India is currently facing a declining fertility rate and a changing social structure, with late marriages and single parenthood becoming more common. In light of this, does the proposed ART Bill and Surrogacy Bill restrict or enhance the reproductive choices available to Indian citizens?

Assisted Reproductive Technology (ART), as commonly understood, comprises procedures such as in-vitro fertilisation (IVF), intra-uterine insemination (IUI), oocyte and sperm donation, cryopreservation and includes surrogacy as well. Social stigma of being childless and lengthy adoption processes have increased the demand for ART in India. It is thus not surprising that the ART industry is expected to grow by a compounded annual growth rate of 10%.

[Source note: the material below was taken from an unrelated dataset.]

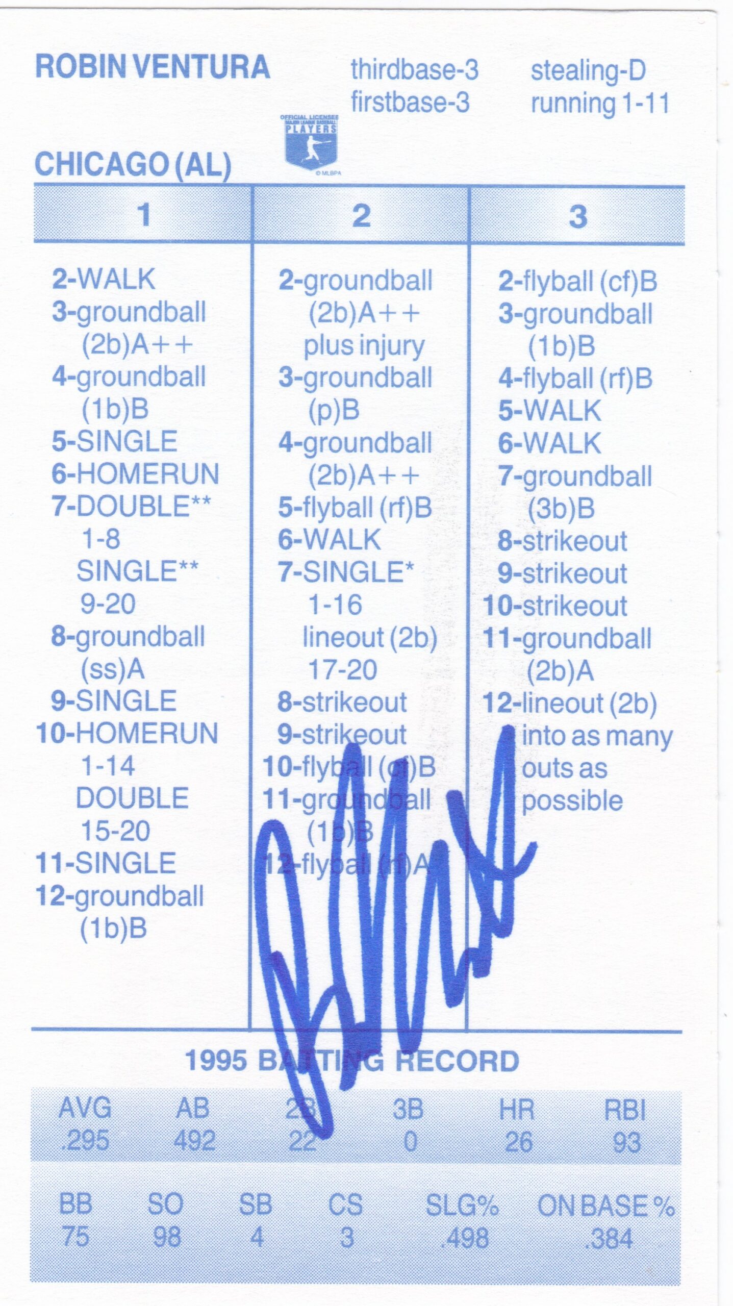 In the collection is this Robin Ventura autographed Strat-O-Matic card from 1995. That season he posted career highs in both on-base percentage, and OPS+ with the White Sox.

No legislation currently regulates ART in India. In 2002, the Indian Council of Medical Research (ICMR) laid out guidelines for surrogacy. Further, in 2005, the ICMR issued the ‘National Guidelines for Accreditation, Supervision and Regulation of ART Clinics in India(ICMR Guidelines), which inter alia, prescribed the conditions that ART clinics need to comply with. Both the above initiatives did not have any legislative backing. Thereafter, the Assisted Reproductive Technology Bill (ART Bill) was first proposed in 2008, with the final version being brought out in 2017. The Surrogacy (Regulation) Bill, 2016 (Surrogacy Bill) was passed by the Lok Sabha in December, 2018, and is currently pending Rajya Sabha approval.